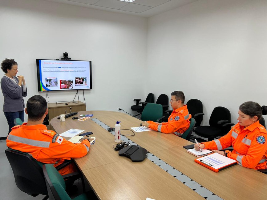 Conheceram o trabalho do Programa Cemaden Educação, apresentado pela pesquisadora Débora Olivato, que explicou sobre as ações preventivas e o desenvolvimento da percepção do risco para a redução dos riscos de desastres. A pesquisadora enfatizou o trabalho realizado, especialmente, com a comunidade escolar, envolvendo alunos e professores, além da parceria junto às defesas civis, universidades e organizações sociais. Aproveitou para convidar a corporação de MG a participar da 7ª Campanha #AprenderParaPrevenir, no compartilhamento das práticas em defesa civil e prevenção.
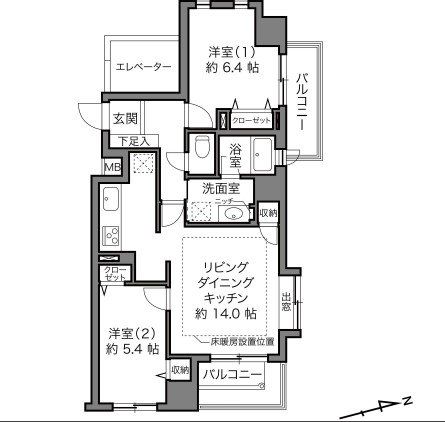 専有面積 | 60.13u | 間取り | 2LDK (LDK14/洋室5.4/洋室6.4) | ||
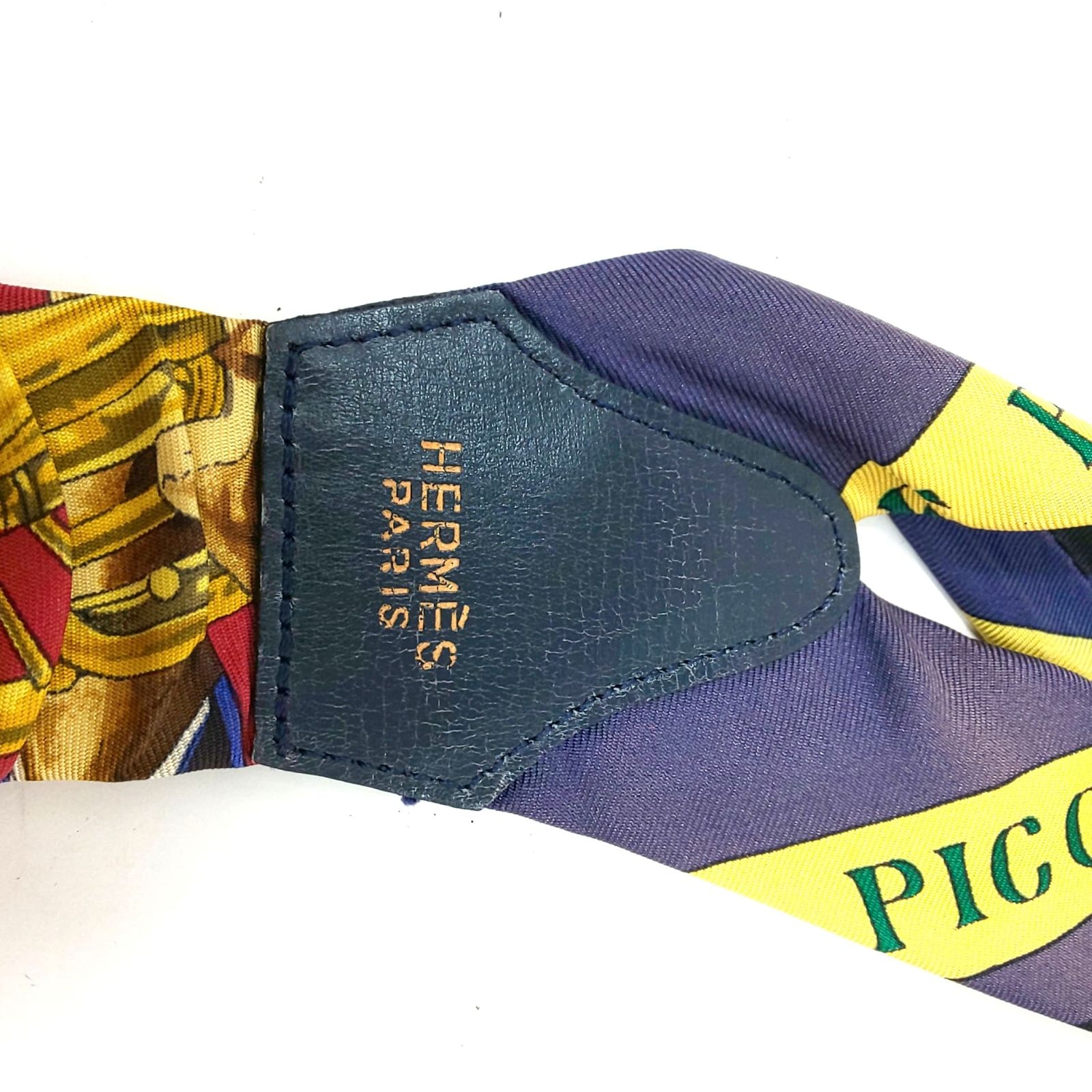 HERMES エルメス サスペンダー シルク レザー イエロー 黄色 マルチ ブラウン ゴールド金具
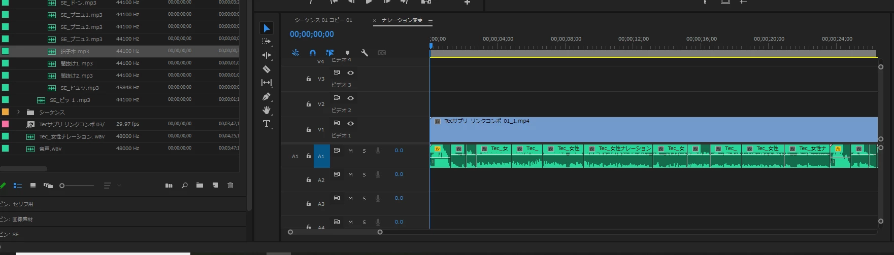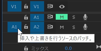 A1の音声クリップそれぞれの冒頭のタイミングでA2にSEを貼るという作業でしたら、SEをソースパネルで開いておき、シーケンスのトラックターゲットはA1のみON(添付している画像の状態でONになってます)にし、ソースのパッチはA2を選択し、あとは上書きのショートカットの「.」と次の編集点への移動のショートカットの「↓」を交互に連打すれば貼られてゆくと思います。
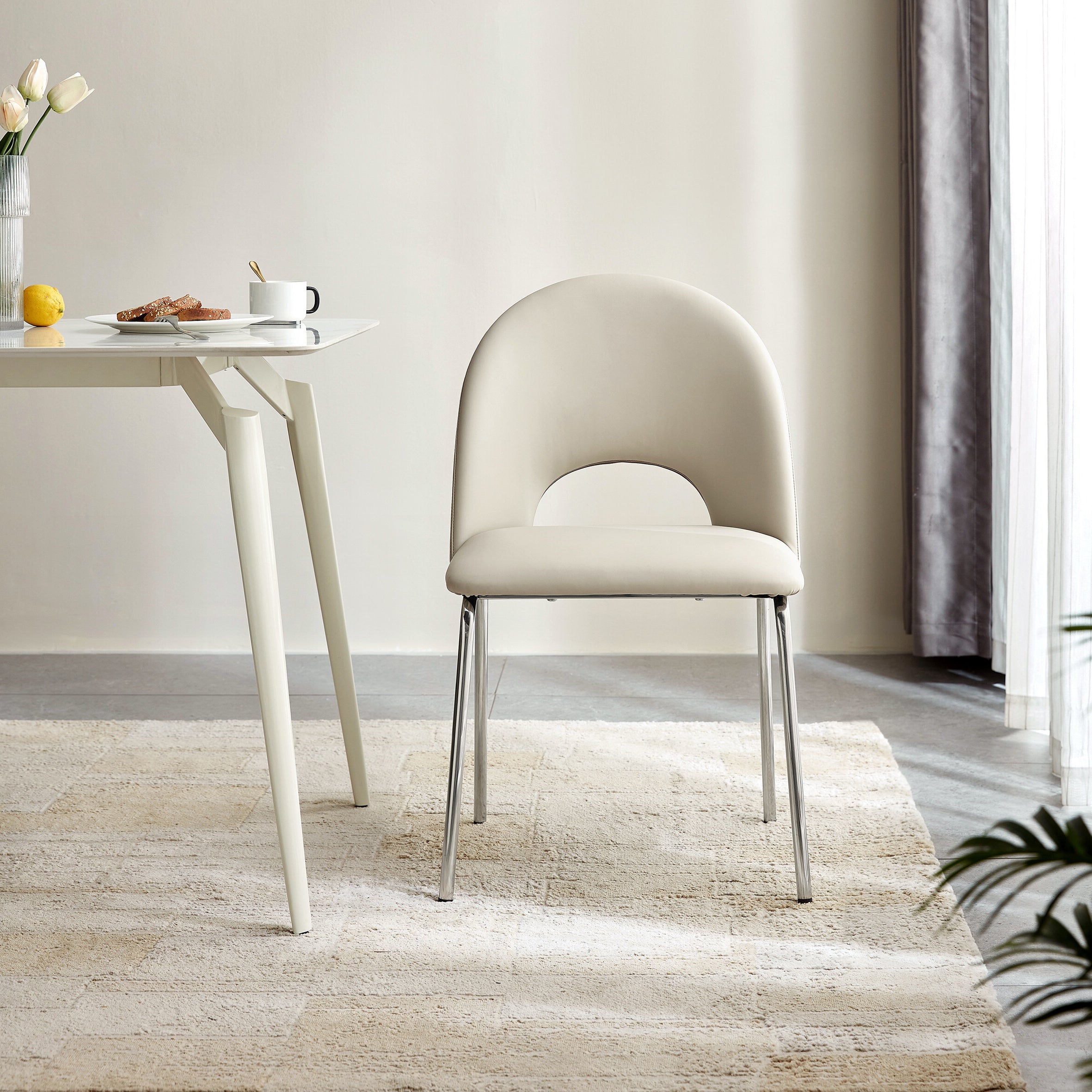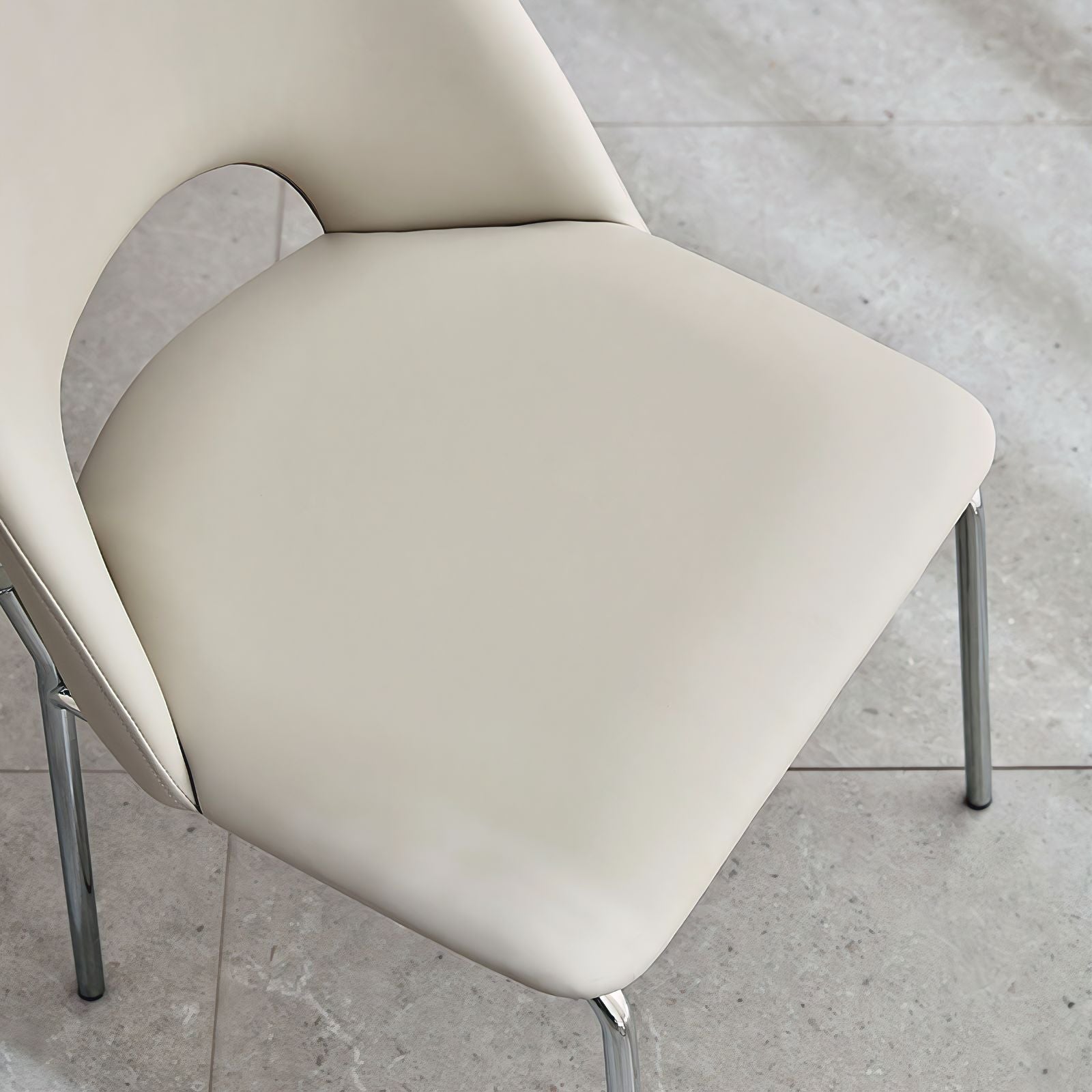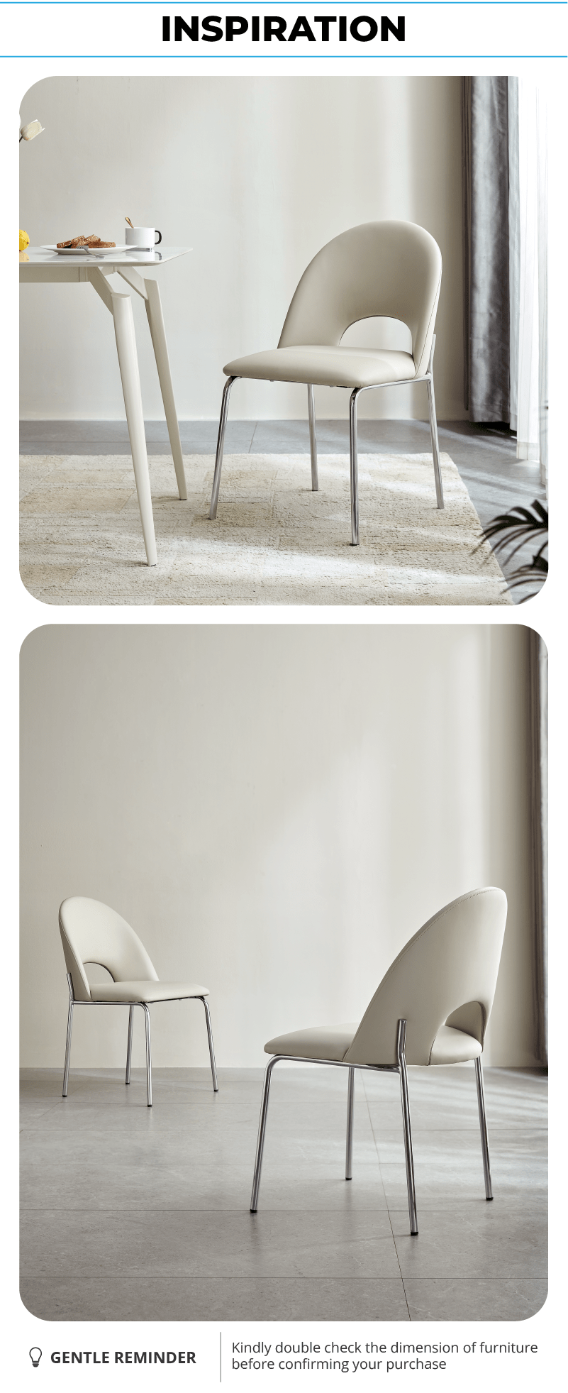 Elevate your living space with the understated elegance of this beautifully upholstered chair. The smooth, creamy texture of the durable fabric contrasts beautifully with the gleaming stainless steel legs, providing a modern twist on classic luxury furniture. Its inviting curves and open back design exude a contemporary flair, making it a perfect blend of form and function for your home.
=-=-=-=-=
Images must not appear; print each record precisely as it reads.

 Conheceram o trabalho do Programa Cemaden Educação, apresentado pela pesquisadora Débora Olivato, que explicou sobre as ações preventivas e o desenvolvimento da percepção do risco para a redução dos riscos de desastres. A pesquisadora enfatizou o trabalho realizado, especialmente, com a comunidade escolar, envolvendo alunos e professores, além da parceria junto às defesas civis, universidades e organizações sociais. Aproveitou para convidar a corporação de MG a participar da 7ª Campanha #AprenderParaPrevenir, no compartilhamento das práticas em defesa civil e prevenção.
 専有面積 | 60.13u | 間取り | 2LDK (LDK14/洋室5.4/洋室6.4) | ||
 HERMES エルメス サスペンダー シルク レザー イエロー 黄色 マルチ ブラウン ゴールド金具
 A1の音声クリップそれぞれの冒頭のタイミングでA2にSEを貼るという作業でしたら、SEをソースパネルで開いておき、シーケンスのトラックターゲットはA1のみON(添付している画像の状態でONになってます)にし、ソースのパッチはA2を選択し、あとは上書きのショートカットの「.」と次の編集点への移動のショートカットの「↓」を交互に連打すれば貼られてゆくと思います。
 Elevate your living space with the understated elegance of this beautifully upholstered chair. The smooth, creamy texture of the durable fabric contrasts beautifully with the gleaming stainless steel legs, providing a modern twist on classic luxury furniture. Its inviting curves and open back design exude a contemporary flair, making it a perfect blend of form and function for your home.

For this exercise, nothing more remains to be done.